Melanie Baron, a University of Tennessee-Knoxville Ph.D. student, teaching assistant and United Campus Workers union member, said that's being done from Aug. 22 through Oct. 28 outside of public view.

"We still don't know and won't be able to know who those respondents are," Baron said. "In other words, they're down to the finalists, and the next step in this [vested outsourcing] process is an unprecedented new step in the state's procurement proceeding."

Baron said the request for proposals will be issued Dec. 1, with a Jan. 25 deadline for submission. The state would announce its intent to award the contract on Feb. 16. Only then will the files become public, Baron said. She expects the contract would be signed March 3 and go into effect March 16.

Rep. Clemmons, meanwhile, maintained that taxpayer "accountability will be lost" in all this.

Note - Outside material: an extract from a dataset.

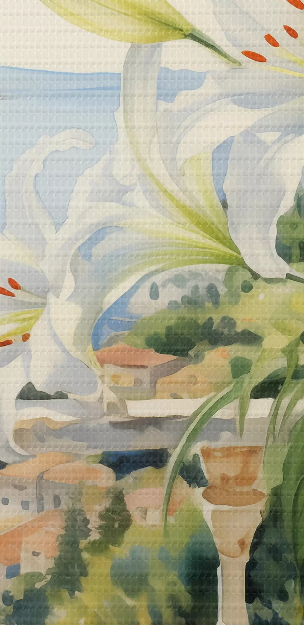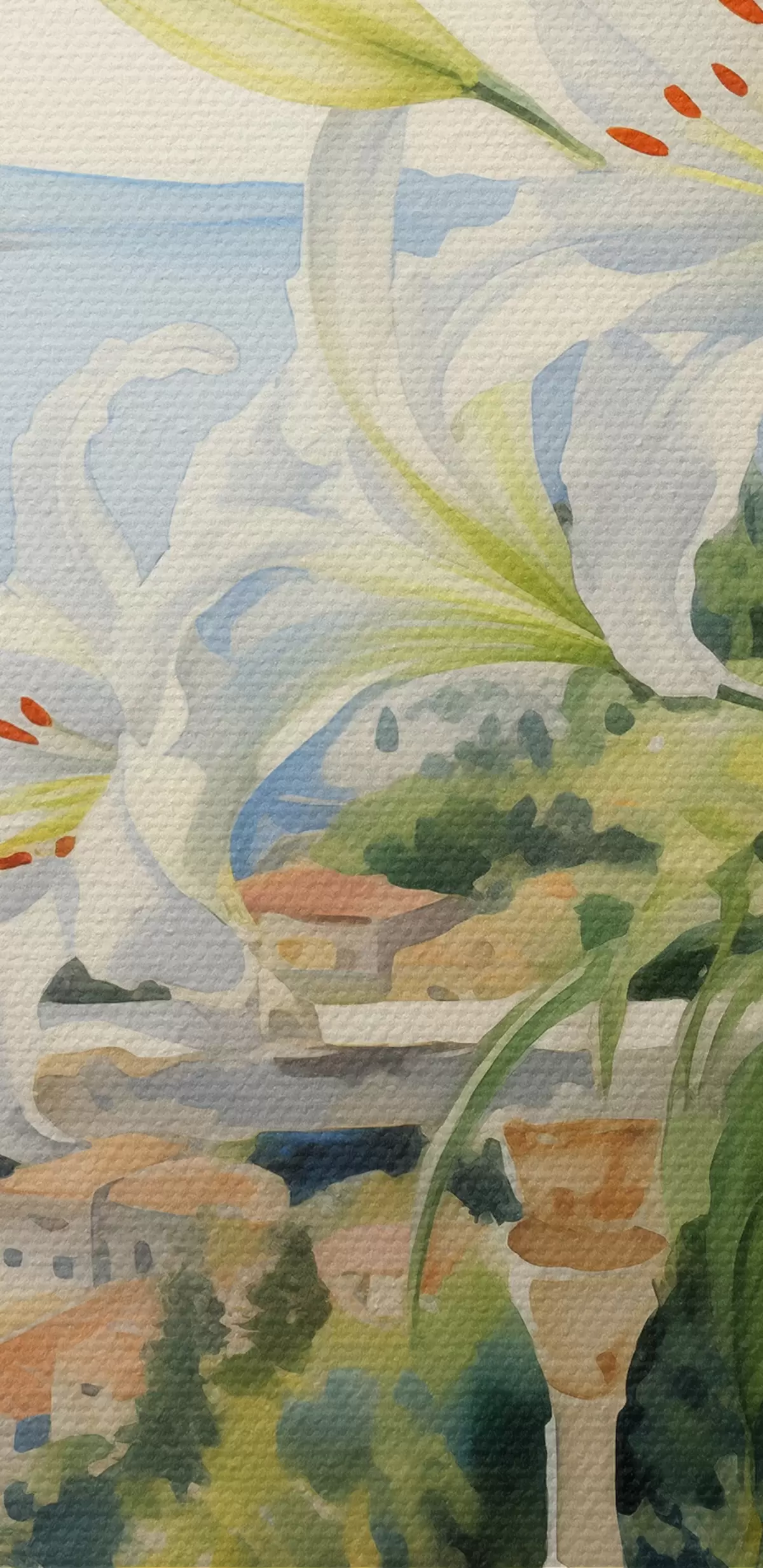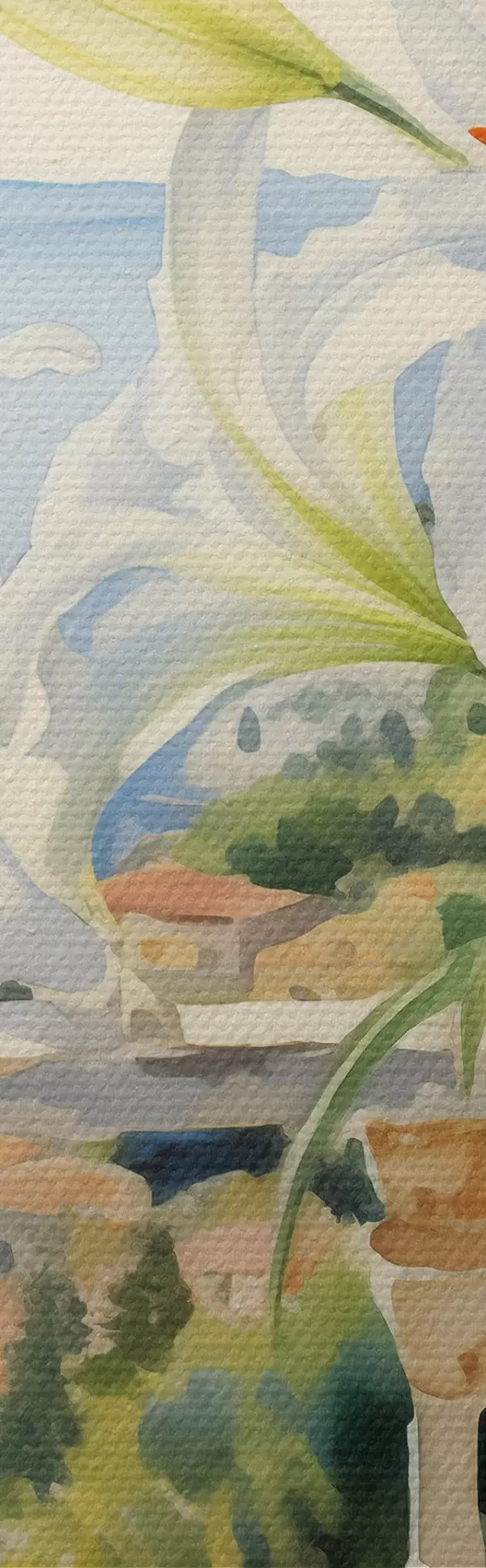 Paveikslas Baltos lelijos vazonėlyje balkone įlankos akvarelės fone Nr s39932

He cited a Vanderbilt University poll from earlier this year showing most Tennesseans oppose privatization.

Clemmons called it "strange" that Haslam is using his own high job-approval rankings as "political capital to push through this outsourcing scheme to make his friends money rather than using some of that same political capital to pass something like Insure Tennessee that an overwhelming majority of Tennesseans support."

Haslam pushed his Insure Tennessee to expand Medicaid through Obamacare in the 2015 legislative session, only to see it flop twice among his fellow Republicans in a Senate committee. He has said if he sensed any change in sentiment, he would push the plan again.